Asian markets likely to be competitive with influx of material from new Middle Eastern capacity

The rapid rise in Middle Eastern petrochemical capacity in the next five years may not have a very large impact on Asian resin markets, as per plasticsnews. The sizeable increases in Middle Eastern capacity with feedstock cost advantages are expected to flood Asian markets. However, a huge rise in Middle Eastern capacity over the next five or six years will not affect Asian economies as much as anticipated. More of the new Middle Eastern capacity will be used locally, as countries in the region pursue industrialization to move further downstream the petrochemicals chain. Also, there is an increasing interest on part of Middle Eastern petrochemical firms to move away from commodity materials into higher value plastics. Some of the Middle Eastern petrochemical firms are also faced with rising construction and financing costs that is changing some of the economics of their projects and causing delays as companies are forced to refinance. This could result in Chinese resin makers remaining competitive in their domestic markets, when shipping costs and possible Chinese subsidies are factored in.

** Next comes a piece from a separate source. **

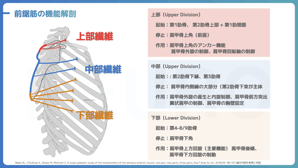Webbの解剖学的研究では、前鋸筋を3つのパートに分類しており、それぞれの繊維の作用について詳細に示しています。

Northeast Asian producers in Japan and South Korea could also lose out from the new Middle Eastern capacity. Petrochemical firms in the U.S. Gulf Coast and in northwest Canada are currently major exporters to Asia, and they have been able to pick up their exports as Asian demand rose rapidly after the financial crisis. North American petrochemical makers could stand to lose significantly in Asia from the new Middle Eastern capacity. 20% of Dow Chemical Co.’s Q4-2009 production was exported from the United States to China. North American firms that can use natural gas as a feedstock are enjoying a sizable cost advantage now because of new technology in the United States for horizontal drilling — called fracking-is significantly increasing the amount of natural gas available and lowering the cost. But that cost advantage is expected to narrow in 2011 and those exports are expected to decline as Asia becomes more self-sufficient in petrochemical capacity.